Each line, starting at the one with "Confezione composta da" and running to the end of the data below, is to be set down again exactly, both ends included; leave pictures out.

----

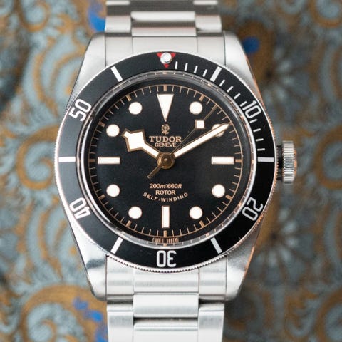 Tudor Black Bay i stål med sort skive og sort krans, på Forstner stål lænke og medfølgende original Tudor læder rem og foldespænde sælges
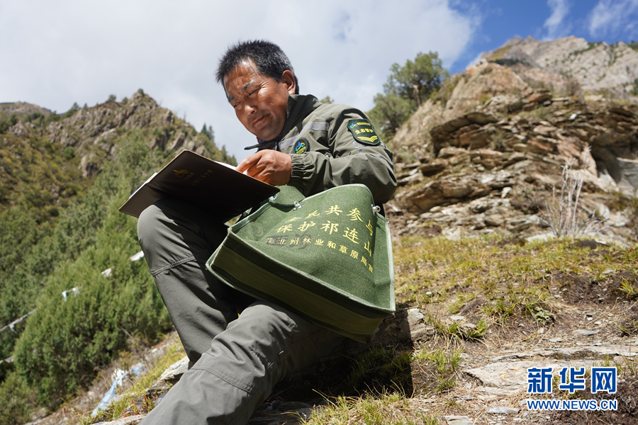 祁連山國家公園青海片區(qū)油葫蘆管護站的生態(tài)管護員王學(xué)清在記錄巡山情況(9月9日攝)。新華社記者 藍(lán)翔 攝
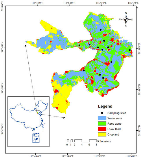 Study area and map of sampling site locations in Baiyangdian Lake (this figure was produced from a Landsat 8 image at the high-water level in 2015).
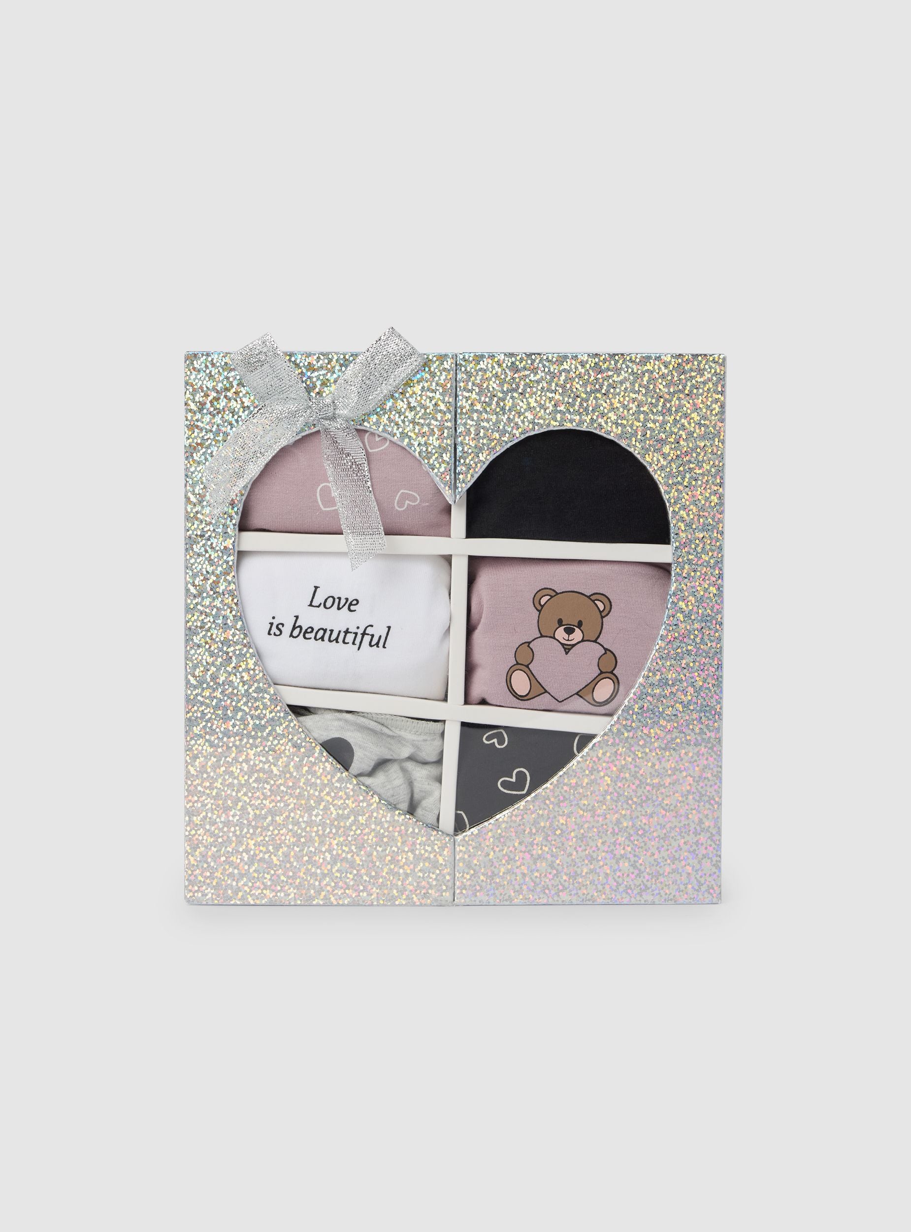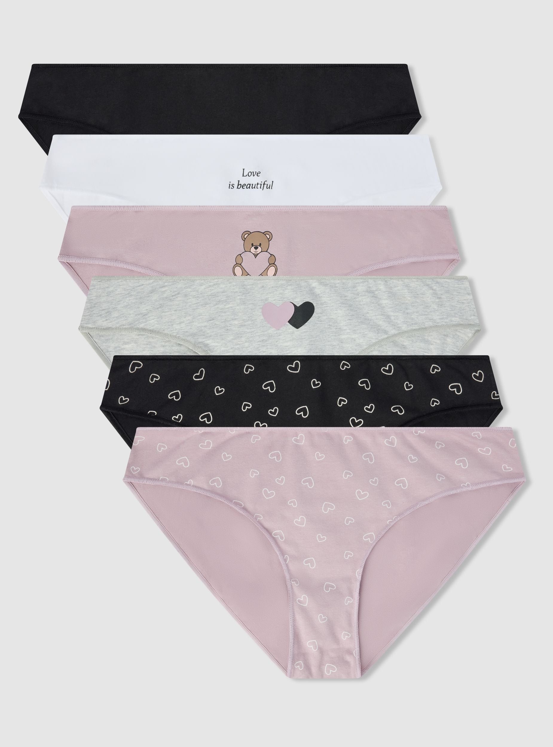 Confezione composta da 6 slip da donna, ideali per un look casual e confortevole. Ogni slip presenta un design unico con scritte e motivi decorativi, perfetti per aggiungere un tocco di stile al quotidiano. La vestibilità regolare garantisce comodità durante tutto il giorno.
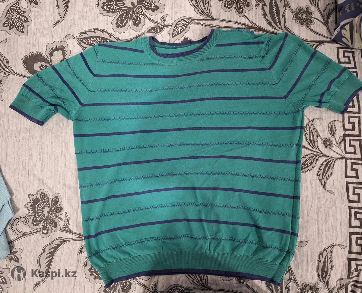 Зеленая кофта с синими полосками

----

## Exercise answer
 Confezione composta da 6 slip da donna, ideali per un look casual e confortevole. Ogni slip presenta un design unico con scritte e motivi decorativi, perfetti per aggiungere un tocco di stile al quotidiano. La vestibilità regolare garantisce comodità durante tutto il giorno.
 Зеленая кофта с синими полосками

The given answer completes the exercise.